5. Then by Section 235," The District Judge (who in Section 3 is defined to be the Judge of a Principal Civil Court of original jurisdiction) shall have jurisdiction in granting and revoking Probates and Letters of Administration in all cases within his district.

7. The 242nd Section shows within what limits such grants operate. "Probate or Letters of Administration shall have effect upon all the property and estate, moveable and immoveable, of the deceased, throughout the province in which the same is granted, &c.," and by Section 3 "province" is defined" any division of British India having a Court of the last resort."

8. The result of these enactments is that an ordinary grant of Letters of Administration by one of the High Courts in India does not operate beyond the limits of the Province within which it exercises jurisdiction.

9. Then comes the Administrator-General''s Act, the 14th Section of which enacts-- "That so far as regards the Administrator-General of any of the Presidencies of Bengal, Madras, and Bombay, the High Court of Judicature at the Presidency Town shall be deemed to be a Court of competent jurisdiction within the meaning of Sections 187 and 190 of the Indian Succession Act, whosesoever within the Presidency the property to be comprised in the Probate or Letters of Administration, may be situate."

10. In the Administrator-General''s Act, "the Presidency of Bengal" includes "the territories which are or shall, for the time being, be respectively under the Governments of the Lieutenant-Governor of Bengal, the North-Western Provinces, and the Punjab, and under the administration of the Chief Commissioner of Oudh, the Central Provinces, and British Burmah."

11. "Presidency Town" is declared to mean "the Town of Calcutta," Madras, or Bombay."

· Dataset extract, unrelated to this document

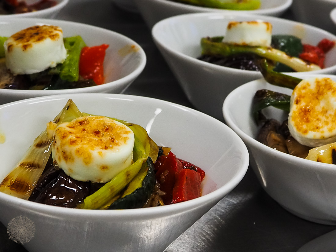 die Geladenen flanieren zu den verschiedenen Sitzgelegenheiten. Das Spielangebot für die Kinder zieht nicht nur die Kleinen an. Es ist ein wunderbarer Tag. Als die Hochzeitsgesellschaft sich für das Gruppenfoto einfindet, räumt Rico diskret mit seinem Team wieder auf. Das Servicepersonal lässt alles verschwinden, was auf die Tea Time schließen lässt. Sina und Matthias, Rico‘s Chef Logistiker, bringen die Heizpilze in Position, die Warmhaltebehälter für das Burger Buffet am Abend werden vorbereitet. In der Küche arbeitet das Team mittlerweile auf Hochtouren am Flying Buffet. Der Blick wandert immer wieder auf den Ablaufplan und die Menübausteine. Noch ist alles im Zeitplan, die Köche aus dem Dufner Catering Team teilen sich für die einzelnen Gerichte ein und so entstehen auf engem Raum Caesar Salad im Gläschen, Antipasti mit karamellisiertem Ziegenkäse, Melone mit Feta, Tapenade und Minzblättchen, Miniatur Lobster Roll und ein Süppchen von der Frankfurter Soße mit pochiertem Wachtelei. Hier gebe ich unumwunden und ehrlich zu, dass ich – also, als Nervennahrung sozusagen – eine ganze, öhm, Maxi Lobster Roll verdrücken durfte. Rico,… herrlich!
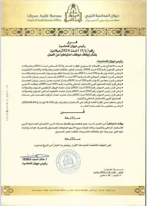 قرر رئيس ديوان المحاسبة خالد شكشك، إيقاف المدير التنفيذي للصندوق الليبي للاستثمار الداخلي والتنمية بدر محمد بن عثمان، احتياطياً عن العمل.

12. The effect of these enactments is that the High Court of Judicature at Fort William in Bengal, and that High Court alone, is empowered by the 14th Section to grant to the Administrator-General Letters of Administration, which shall operate throughout the whole of the Presidency of Bengal, as defined by the 3rd Section of that Act; and it follows that the grant by the High Court of the Northwestern Provinces does not operate on assets within the jurisdiction of the High Court of Judicature at Fort William in Bengal. The grant by this Court has operation throughout the entire Presidency of Bengal. The Administrator-General''s Act does not appear to contemplate a limited or partial grant in a case like the present.

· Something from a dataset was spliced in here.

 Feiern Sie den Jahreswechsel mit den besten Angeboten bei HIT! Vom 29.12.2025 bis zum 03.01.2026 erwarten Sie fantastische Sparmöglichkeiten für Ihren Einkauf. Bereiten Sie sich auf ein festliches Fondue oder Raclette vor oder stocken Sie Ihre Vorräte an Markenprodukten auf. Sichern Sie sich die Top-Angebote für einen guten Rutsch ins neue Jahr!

13. Formerly, in England, when a diocesan grant was made, if it was subsequently discovered that there were bona notabilia elsewhere within the province, and the party, to whom the grant was made, applied to the Prerogative Court" for Letters of Administration, general letters were granted : the property was treated as wholly unadministered under the former grant, and the Administrator was bound to exhibit an inventory and account of the whole estate in the Prerogative Court.

14. There, however, the diocesan grant was null and void. Here, considerable inconvenience and expense may be caused, if the Administrator-General acts under a double grant. But upon the understanding that the Administrator-General will apply to have the Letters of Administration granted by the High Court for the North-Western Provinces recalled, I think I am bound to grant the Letters of Administration in the terms prayed. The facts stated in the petition show that before the application of the Administrator-General to the High Court at Agra, the widow of the deceased had, in fact, abandoned the attempt to obtain Letters of Administration in her own name, and under such circumstances I do not think it necessary to order citations to issue. The costs of this application will come out of the estate.